[Saved entries]
* * * *
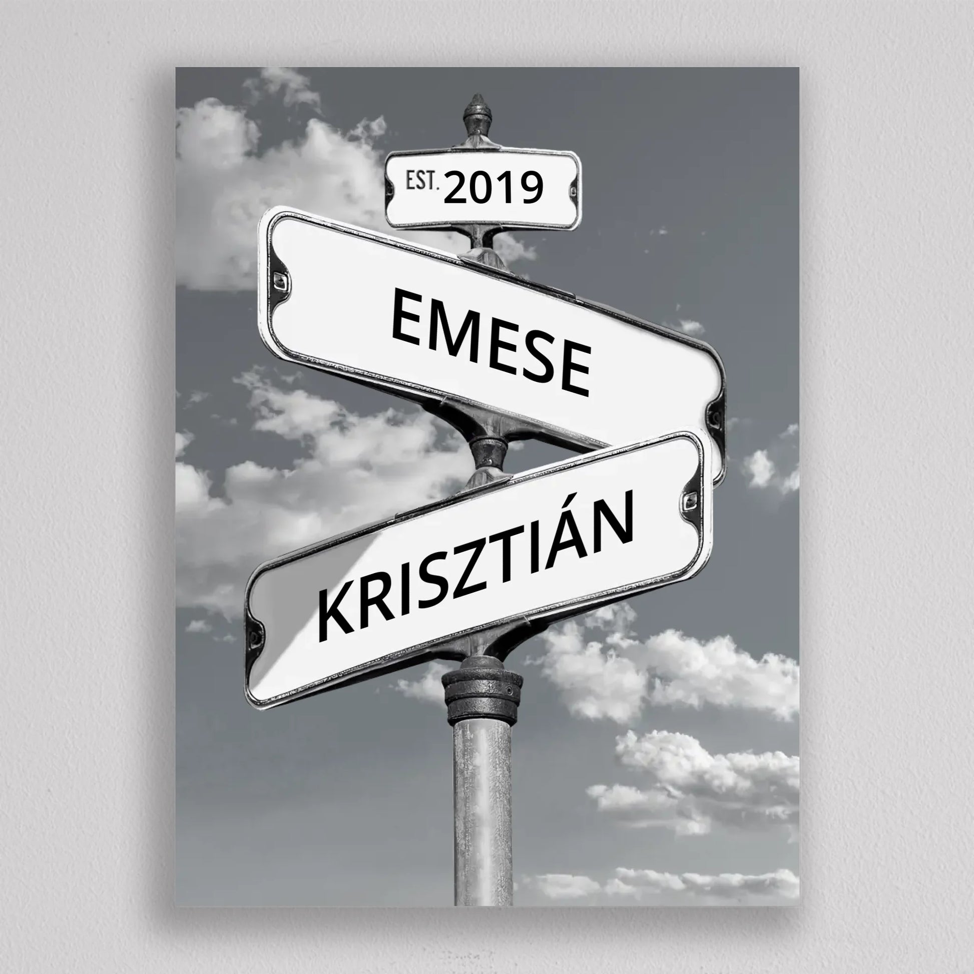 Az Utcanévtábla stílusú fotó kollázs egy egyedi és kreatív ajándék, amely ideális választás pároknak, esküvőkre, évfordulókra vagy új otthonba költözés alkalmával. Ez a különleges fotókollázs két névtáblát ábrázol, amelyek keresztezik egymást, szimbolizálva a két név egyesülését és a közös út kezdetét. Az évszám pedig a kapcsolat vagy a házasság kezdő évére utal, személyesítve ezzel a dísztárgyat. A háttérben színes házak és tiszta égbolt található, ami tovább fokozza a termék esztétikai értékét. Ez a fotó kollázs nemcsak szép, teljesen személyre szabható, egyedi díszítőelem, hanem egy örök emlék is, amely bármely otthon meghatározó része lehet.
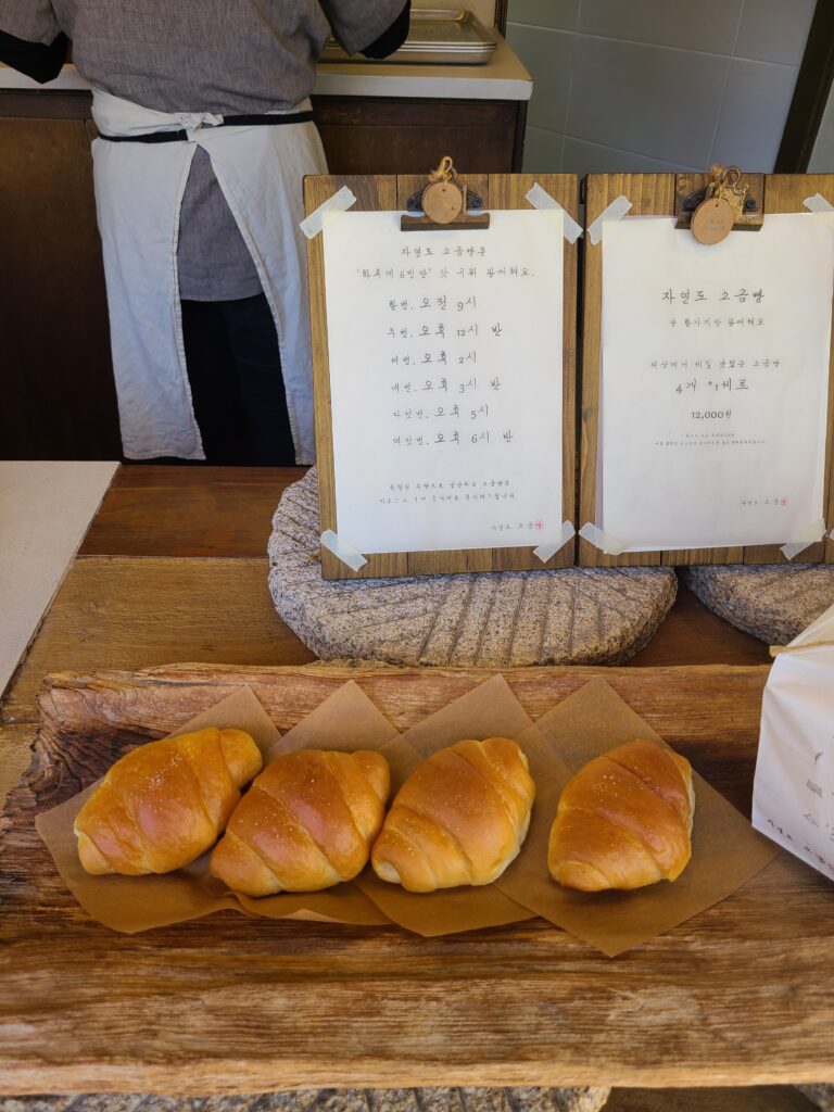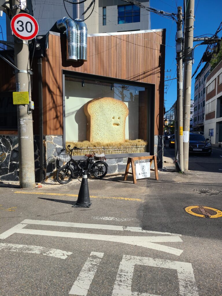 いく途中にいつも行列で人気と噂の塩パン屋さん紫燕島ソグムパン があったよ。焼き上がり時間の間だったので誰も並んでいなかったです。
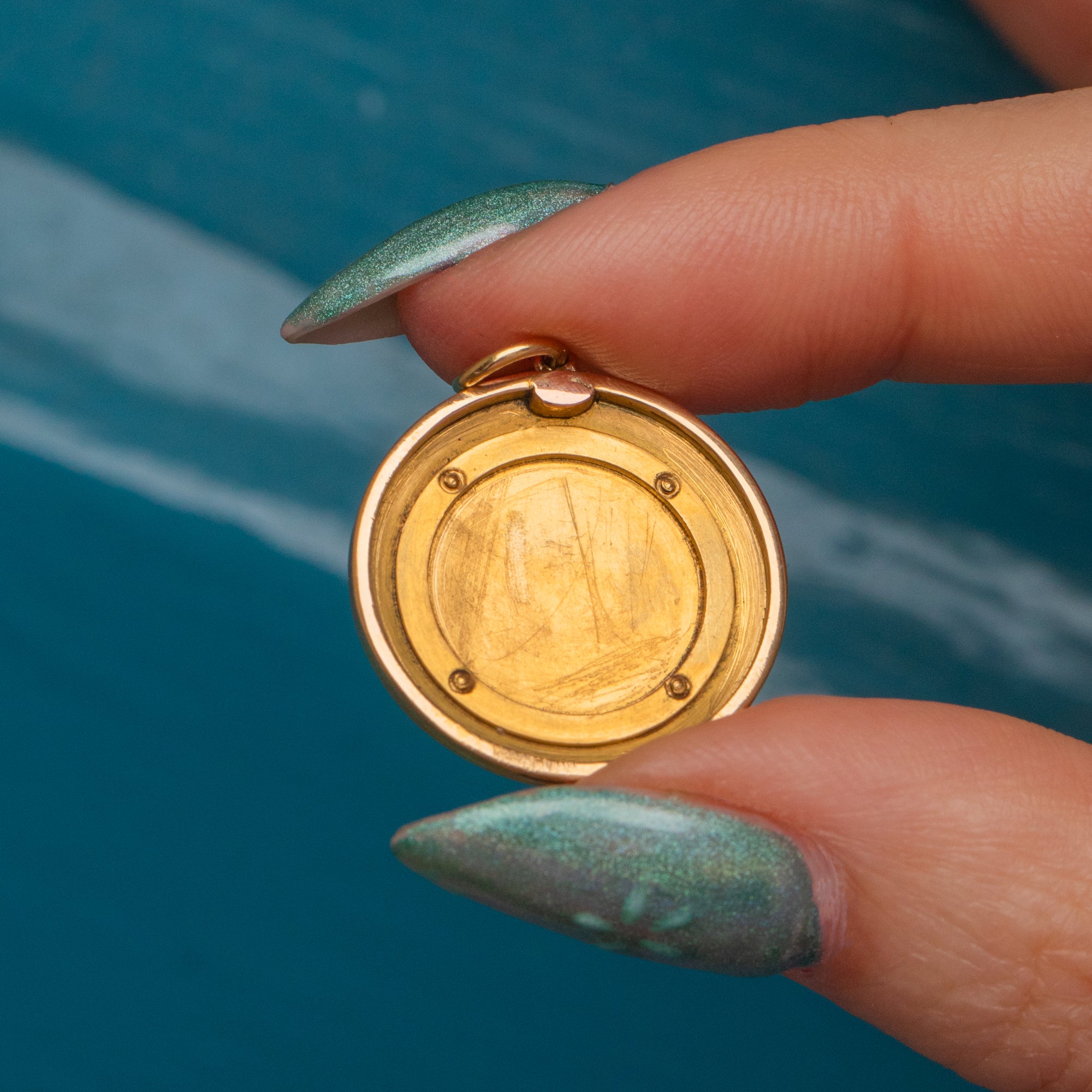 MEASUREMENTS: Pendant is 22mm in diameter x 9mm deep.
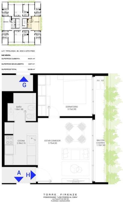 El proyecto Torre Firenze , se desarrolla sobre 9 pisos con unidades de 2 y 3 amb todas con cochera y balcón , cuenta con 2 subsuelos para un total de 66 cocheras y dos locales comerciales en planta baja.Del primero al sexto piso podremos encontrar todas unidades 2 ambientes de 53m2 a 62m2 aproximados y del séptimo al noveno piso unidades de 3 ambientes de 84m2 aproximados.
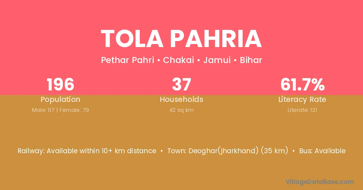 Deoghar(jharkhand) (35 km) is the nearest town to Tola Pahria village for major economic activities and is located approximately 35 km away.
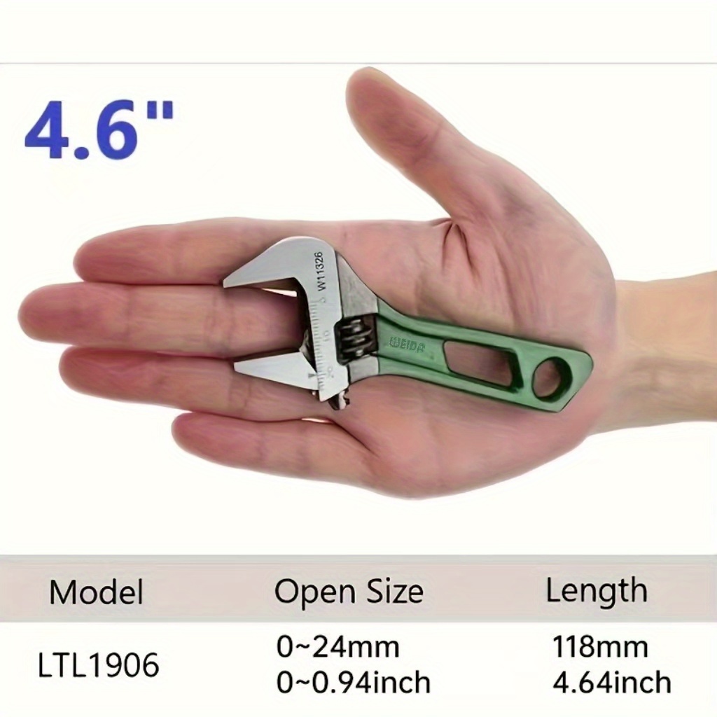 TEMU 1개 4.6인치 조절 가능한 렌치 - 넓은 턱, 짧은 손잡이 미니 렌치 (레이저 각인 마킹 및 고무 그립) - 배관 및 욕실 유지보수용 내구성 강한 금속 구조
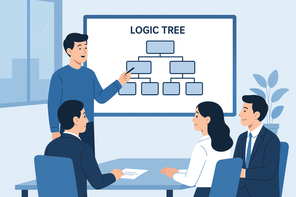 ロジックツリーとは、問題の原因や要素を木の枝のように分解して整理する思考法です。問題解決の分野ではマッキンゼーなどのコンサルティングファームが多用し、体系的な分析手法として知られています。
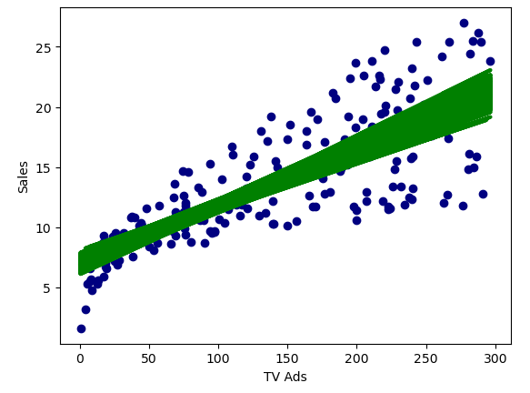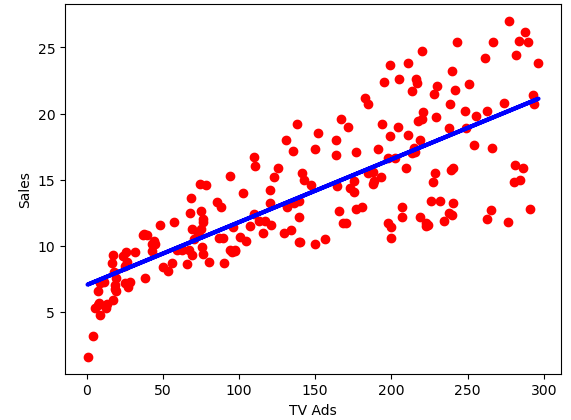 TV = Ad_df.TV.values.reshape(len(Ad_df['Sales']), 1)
* * * *
Could you give all the records again, exactly, minus the pictures?

ANSWER TO THE PROBLEM:
 Az Utcanévtábla stílusú fotó kollázs egy egyedi és kreatív ajándék, amely ideális választás pároknak, esküvőkre, évfordulókra vagy új otthonba költözés alkalmával. Ez a különleges fotókollázs két névtáblát ábrázol, amelyek keresztezik egymást, szimbolizálva a két név egyesülését és a közös út kezdetét. Az évszám pedig a kapcsolat vagy a házasság kezdő évére utal, személyesítve ezzel a dísztárgyat. A háttérben színes házak és tiszta égbolt található, ami tovább fokozza a termék esztétikai értékét. Ez a fotó kollázs nemcsak szép, teljesen személyre szabható, egyedi díszítőelem, hanem egy örök emlék is, amely bármely otthon meghatározó része lehet.
 いく途中にいつも行列で人気と噂の塩パン屋さん紫燕島ソグムパン があったよ。焼き上がり時間の間だったので誰も並んでいなかったです。
 MEASUREMENTS: Pendant is 22mm in diameter x 9mm deep.
 El proyecto Torre Firenze , se desarrolla sobre 9 pisos con unidades de 2 y 3 amb todas con cochera y balcón , cuenta con 2 subsuelos para un total de 66 cocheras y dos locales comerciales en planta baja.Del primero al sexto piso podremos encontrar todas unidades 2 ambientes de 53m2 a 62m2 aproximados y del séptimo al noveno piso unidades de 3 ambientes de 84m2 aproximados.
 Deoghar(jharkhand) (35 km) is the nearest town to Tola Pahria village for major economic activities and is located approximately 35 km away.
 TEMU 1개 4.6인치 조절 가능한 렌치 - 넓은 턱, 짧은 손잡이 미니 렌치 (레이저 각인 마킹 및 고무 그립) - 배관 및 욕실 유지보수용 내구성 강한 금속 구조
 ロジックツリーとは、問題の原因や要素を木の枝のように分解して整理する思考法です。問題解決の分野ではマッキンゼーなどのコンサルティングファームが多用し、体系的な分析手法として知られています。
 TV = Ad_df.TV.values.reshape(len(Ad_df['Sales']), 1)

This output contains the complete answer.